Auto-grouping option in brms' gp()

Hi all / @paul.buerkner ,

I wonder whether the brms Gaussian Process (GP) support through gp actually supports hierarchical GPs when setting gr=T.

What I mean by hierarchical GP:

Let \vec{M} and \vec{0} be m-dimensional.

So we have

\vec{M} \sim \mathcal{GP}(\vec{0}, \mathbf{K}_1)

where \mathbf{K}_1 is m\times m dimensional. This is what I would call the population mean GP. Now for each of the N individuals we have that the observation \vec{y}_i (also m-dimensional) of individual i is i.i.d. from the following GP:

\vec{y}_i \sim \mathcal{GP}(\vec{M}, \mathbf{K}_2)

where \mathbf{K}_2 is another m\times m kernel. Now suppose each individual has observations for the same m-dimensional vector of time points, couldn’t one then do in brms

fit <- brms(y ~ gp(time,gr=T) + gp(time,gr=F), data=df)

and the term gp(time,gr=T) would correspond to the population GP with kernel \mathbf{K}_1 and gp(time) to the individual GP with kernel \mathbf{K}_2.

I think this would indeed imply a hierachical GP in your formulation. You could try running the model, but I would expect it to have serious convergence issues to the the GPs fighting over the same variance. For this to work reliably we may need to joint priors over the GPs, which are currently not implemented. See also https://github.com/paul-buerkner/brms/issues/412

Thanks Paul. In order to get closer to an understanding of what such a joint prior would need to look like, could you help me collecting the properties it needs to fulfil more precisely (e.g. which pathologies it needs to avoid)?

  • I understand that in the above additive 2-level setting one can “freely” add a constant varying vector \vec{d} to each second-level GP realisation (that is to each \vec{y}_i) and add the negative of it to the first-level GP realisation \vec{M}.

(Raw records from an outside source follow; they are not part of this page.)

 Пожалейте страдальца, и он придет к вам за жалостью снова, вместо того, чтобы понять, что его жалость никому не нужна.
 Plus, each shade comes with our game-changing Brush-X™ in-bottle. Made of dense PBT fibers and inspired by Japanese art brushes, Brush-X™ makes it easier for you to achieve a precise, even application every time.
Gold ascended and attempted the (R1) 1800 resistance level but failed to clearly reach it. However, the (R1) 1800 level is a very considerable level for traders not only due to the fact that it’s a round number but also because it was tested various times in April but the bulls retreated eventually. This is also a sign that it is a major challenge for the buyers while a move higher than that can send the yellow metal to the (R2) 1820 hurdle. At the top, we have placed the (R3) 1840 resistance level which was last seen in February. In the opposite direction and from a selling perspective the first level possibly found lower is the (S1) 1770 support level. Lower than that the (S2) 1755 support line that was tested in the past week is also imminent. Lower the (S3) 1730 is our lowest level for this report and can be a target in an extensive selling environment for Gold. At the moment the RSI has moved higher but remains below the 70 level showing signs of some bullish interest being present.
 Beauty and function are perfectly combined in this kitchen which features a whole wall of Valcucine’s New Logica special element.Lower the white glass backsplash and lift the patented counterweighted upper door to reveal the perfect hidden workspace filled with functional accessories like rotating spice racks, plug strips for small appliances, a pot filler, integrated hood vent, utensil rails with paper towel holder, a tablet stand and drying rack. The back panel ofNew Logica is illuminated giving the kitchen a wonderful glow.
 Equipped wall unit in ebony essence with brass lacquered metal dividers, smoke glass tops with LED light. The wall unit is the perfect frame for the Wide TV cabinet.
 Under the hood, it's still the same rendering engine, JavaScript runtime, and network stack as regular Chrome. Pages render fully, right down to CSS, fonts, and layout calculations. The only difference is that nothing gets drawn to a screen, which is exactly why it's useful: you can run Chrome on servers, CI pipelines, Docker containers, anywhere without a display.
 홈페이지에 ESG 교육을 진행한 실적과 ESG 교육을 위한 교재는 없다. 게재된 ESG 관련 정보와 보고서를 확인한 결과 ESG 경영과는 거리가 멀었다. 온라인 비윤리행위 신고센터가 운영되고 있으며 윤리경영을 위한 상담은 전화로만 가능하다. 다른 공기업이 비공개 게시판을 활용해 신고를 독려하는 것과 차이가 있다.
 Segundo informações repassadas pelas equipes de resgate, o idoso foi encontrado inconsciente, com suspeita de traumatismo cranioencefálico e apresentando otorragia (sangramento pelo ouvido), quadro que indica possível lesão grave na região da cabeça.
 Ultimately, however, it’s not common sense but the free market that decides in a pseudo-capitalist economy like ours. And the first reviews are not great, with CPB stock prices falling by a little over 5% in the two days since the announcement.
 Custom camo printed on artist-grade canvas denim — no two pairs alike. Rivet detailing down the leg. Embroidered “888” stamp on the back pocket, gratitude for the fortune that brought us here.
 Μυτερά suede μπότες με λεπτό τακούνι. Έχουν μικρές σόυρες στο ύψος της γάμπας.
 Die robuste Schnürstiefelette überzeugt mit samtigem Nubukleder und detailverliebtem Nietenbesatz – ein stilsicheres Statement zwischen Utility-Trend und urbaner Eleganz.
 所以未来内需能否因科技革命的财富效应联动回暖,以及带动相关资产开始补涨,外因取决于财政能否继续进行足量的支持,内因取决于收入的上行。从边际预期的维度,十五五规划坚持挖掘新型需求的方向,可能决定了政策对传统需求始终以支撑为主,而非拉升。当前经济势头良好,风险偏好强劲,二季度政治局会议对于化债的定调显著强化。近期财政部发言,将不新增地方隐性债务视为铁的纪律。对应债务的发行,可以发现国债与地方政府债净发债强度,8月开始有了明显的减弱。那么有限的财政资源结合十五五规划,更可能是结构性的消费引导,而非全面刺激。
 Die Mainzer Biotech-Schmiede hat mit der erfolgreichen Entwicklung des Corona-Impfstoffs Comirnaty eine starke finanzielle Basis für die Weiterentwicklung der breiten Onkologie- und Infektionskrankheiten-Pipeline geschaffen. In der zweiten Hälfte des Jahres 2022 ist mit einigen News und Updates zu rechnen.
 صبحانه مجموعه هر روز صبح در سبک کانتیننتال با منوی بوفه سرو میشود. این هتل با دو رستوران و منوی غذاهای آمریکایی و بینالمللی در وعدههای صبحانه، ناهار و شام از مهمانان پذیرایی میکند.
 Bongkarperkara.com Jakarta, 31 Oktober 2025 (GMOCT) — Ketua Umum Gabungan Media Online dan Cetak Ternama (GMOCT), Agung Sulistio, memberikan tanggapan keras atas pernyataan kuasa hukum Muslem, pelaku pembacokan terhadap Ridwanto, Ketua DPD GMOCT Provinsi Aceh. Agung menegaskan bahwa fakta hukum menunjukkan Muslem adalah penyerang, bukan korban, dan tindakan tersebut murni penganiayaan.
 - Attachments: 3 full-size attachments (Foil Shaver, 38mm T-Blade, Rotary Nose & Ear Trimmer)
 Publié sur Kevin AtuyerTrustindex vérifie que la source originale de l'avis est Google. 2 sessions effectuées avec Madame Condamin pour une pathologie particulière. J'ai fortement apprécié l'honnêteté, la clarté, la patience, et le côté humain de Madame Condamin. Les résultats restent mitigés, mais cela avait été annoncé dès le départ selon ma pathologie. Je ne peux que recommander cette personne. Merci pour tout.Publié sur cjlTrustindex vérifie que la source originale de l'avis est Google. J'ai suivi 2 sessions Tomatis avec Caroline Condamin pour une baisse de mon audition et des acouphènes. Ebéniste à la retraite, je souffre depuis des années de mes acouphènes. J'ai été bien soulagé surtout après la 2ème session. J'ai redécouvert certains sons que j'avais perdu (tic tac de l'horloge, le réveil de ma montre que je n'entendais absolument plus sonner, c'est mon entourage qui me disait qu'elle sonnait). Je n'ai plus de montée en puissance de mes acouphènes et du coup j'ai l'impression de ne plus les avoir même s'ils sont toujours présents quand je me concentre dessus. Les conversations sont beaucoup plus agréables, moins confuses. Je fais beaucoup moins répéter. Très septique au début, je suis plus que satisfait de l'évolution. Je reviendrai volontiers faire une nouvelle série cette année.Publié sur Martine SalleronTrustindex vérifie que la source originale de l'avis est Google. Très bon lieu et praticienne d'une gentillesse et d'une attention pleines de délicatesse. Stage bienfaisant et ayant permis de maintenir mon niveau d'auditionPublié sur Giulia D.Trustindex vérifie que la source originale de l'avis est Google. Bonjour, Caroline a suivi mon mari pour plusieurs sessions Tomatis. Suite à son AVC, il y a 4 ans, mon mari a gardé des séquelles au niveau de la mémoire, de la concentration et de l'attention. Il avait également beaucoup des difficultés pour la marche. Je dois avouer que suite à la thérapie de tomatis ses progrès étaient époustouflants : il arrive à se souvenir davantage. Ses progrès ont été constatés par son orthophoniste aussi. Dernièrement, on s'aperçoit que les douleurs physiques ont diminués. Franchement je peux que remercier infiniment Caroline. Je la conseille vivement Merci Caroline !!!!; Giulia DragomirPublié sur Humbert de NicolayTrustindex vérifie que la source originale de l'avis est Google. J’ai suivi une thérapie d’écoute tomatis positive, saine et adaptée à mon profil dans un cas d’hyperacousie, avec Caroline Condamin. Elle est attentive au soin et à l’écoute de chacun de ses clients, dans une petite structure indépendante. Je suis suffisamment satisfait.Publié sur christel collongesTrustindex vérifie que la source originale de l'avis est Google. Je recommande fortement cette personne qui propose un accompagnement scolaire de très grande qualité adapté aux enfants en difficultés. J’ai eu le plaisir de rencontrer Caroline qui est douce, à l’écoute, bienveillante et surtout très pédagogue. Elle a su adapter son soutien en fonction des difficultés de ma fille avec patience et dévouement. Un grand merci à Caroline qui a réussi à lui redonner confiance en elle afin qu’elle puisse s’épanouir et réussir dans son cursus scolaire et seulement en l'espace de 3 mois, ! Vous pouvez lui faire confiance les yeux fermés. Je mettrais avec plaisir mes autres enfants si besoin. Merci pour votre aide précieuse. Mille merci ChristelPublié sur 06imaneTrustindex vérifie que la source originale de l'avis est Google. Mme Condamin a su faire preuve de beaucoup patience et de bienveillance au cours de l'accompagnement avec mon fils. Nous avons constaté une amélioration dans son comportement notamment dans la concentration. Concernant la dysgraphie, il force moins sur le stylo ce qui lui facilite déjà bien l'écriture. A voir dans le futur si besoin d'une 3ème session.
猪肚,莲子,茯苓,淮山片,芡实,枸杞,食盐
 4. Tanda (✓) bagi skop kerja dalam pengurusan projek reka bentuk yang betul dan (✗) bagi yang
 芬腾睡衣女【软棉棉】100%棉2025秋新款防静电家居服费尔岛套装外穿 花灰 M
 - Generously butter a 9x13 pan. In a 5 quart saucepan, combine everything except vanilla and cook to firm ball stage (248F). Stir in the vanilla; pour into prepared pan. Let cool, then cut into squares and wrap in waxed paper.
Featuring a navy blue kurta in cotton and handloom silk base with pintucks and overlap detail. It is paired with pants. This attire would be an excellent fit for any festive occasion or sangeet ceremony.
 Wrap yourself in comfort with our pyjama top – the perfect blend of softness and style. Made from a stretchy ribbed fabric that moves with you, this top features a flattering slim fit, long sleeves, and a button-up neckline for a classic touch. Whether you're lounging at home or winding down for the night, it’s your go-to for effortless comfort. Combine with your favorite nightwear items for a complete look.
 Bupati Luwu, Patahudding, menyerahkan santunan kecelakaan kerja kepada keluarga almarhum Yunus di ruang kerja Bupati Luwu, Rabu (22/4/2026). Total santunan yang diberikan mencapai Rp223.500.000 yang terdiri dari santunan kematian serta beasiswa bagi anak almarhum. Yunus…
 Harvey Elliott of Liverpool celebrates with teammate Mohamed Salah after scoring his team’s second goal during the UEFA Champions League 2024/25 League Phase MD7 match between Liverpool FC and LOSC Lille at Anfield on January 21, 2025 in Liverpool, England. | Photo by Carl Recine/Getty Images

Think of it as a multilevel model. If you had an overall intercept and an individual intercept per group without any hard or soft-centering (the latter via priors) we will run into linear dependence and non-idenfitied models. The same will presumably happen here. I am not sure about the best solution. Likely people have worked on this (@avehtari?). If not, this is actually a relevant research topic I would say.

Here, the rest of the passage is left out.